Table 2 shows the top up- and downregulated genes in IGF-1 versus saline specimens identified in all ST spots, and Table 3 contains a list of DEGs in SMC-, MF-, and FM-high spots. IGF-1 dramatically (>10-fold reduction vs. saline) downregulated FOS and FOSB proto-oncogenes in all ST spots and in SMC-high spots. IGF-1 downregulated expression of the cytoskeletal molecule desmin in all spots and upregulated ribosomal protein S27 (Table 2), a component of the translational machinery (49). Activation of translation is in line with known growth-stimulating IGF-1 action (38). MMP9 gene expression level was reduced by IGF-1 in all ST spots and in MF-high spots. This is consistent with our recent report that MF-specific IGF-1 overexpression downregulates MMP9 in peritoneal MFs and decreases aortic atherosclerosis in Apoe–/– mice (43). Cytokine CXCL14 was the top IGF-1–downregulated gene in MF-high spots (Table 3). CXCL14 was upregulated in MF-derived foam cells, and CXCL14 peptide-induced immunotherapy suppresses atherosclerosis in Apoe–/– mice (50), suggesting a proatherogenic role of CXCL14.

Table 2

IGF-1 versus saline top differentially expressed genes in all ST spots

We observed a clear boundary between transcriptome cluster 1 and 2 within FC histological area (Figure 7, A and B), showing the capability of ST analysis to identify plaque areas with different gene expression patterns that are not histologically distinguishable. To take advantage of this likely unique ST feature and considering the importance of the FC for overall stability of atheroma (51), we focused our subsequent analysis on cluster 1 and 2. First, we found discrete differences in the cellular composition of cluster 1 and 2. More T cells, B cells, and MFs were in cluster 1, whereas fibroblast levels were lower (Supplemental Figure 4B). The top upregulated genes in cluster 1 (versus other clusters) included components of the complement system (C3, C1qA, C1qC, and C1qB) and cathepsin D (CTSD; Figure 7C). The top genes in cluster 2 included CCN2 and CCN3 (CCN molecules are involved in wound healing and fibrosis, ref. 52) and fibronectin 1, which is known to play a vital role in tissue repair (53). A comparison of DEGs between cluster 1 and 2 showed that upregulated CTSD was the top-ranked DEG in cluster 1 versus 2 (~2.1-fold higher expression in cluster 1 vs. 2; adjusted P value = 1.71 × 10–220). CTSD is a proapoptotic molecule and collagen-degrading protease that is highly expressed in MFs (54). Higher cathepsin activity is associated with unstable plaque (54). Ingenuity Pathway Analysis (IPA; QIAGEN) predicted that necrosis and apoptosis pathways are upregulated in cluster 1 versus 2 (data not shown), consistent with increased expression of CTSD. Importantly, cluster 1 is the thinnest part of the FC. Taken together, these data suggest that cluster 1 is a tissue-degrading and less fibrotic compartment of the FC compared with cluster 2. We speculate that cluster 1 represents a plaque site with potentially increased vulnerability and propensity to erode or rupture.

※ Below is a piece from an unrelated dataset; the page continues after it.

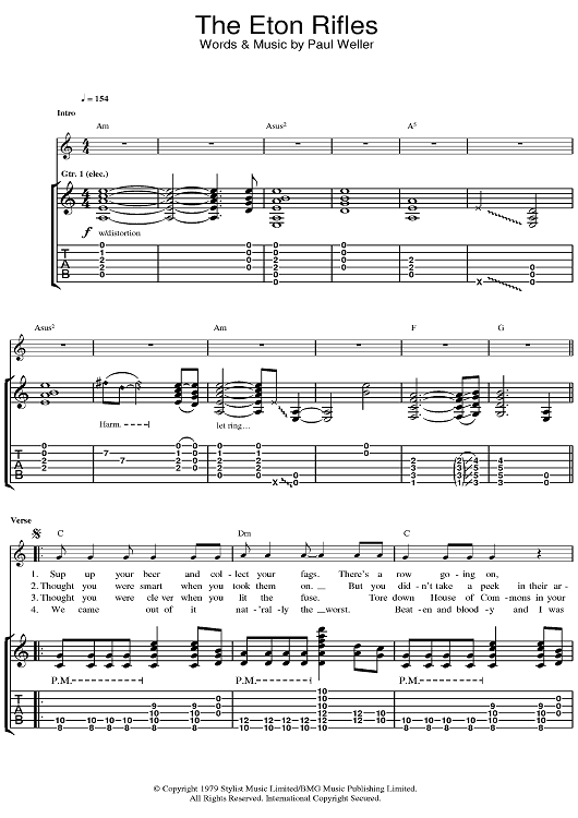 "The Eton Rifles" is a song recorded by the Jam, written by Paul Weller. It was the only song to be released as a single from the album 'Setting Sons'. Released on 26 October 1979, it became the band's first top-ten hit on the UK Singles Chart, peaking at No. 3.

We also compared cell type ratio and DEGs in cluster 1 and 2 in IGF-1 versus saline specimens. IGF-1 slightly decreased MFs in both cluster 1 and 2, and IGF-1 upregulated FMs in cluster 2 (Figure 7E). SMC transition into FMs prevents FC thinning (48), suggesting that higher FM levels in the FC are beneficial during the disease process. IGF-1 reduced CTSD expression in both clusters, whereas vimentin expression (VIM) was decreased only in cluster 1. The top-ranked DEGs in comparing IGF-1 versus saline groups in cluster 1 and 2 included downregulated chemokine CXCL14 and MMP9 (Figure 7F). Thus, use of ST combined with deconvolution algorithms provided, to our knowledge for the first time, a profile of the spatial transcriptome of advanced atherosclerotic plaque and changes induced by IGF-1.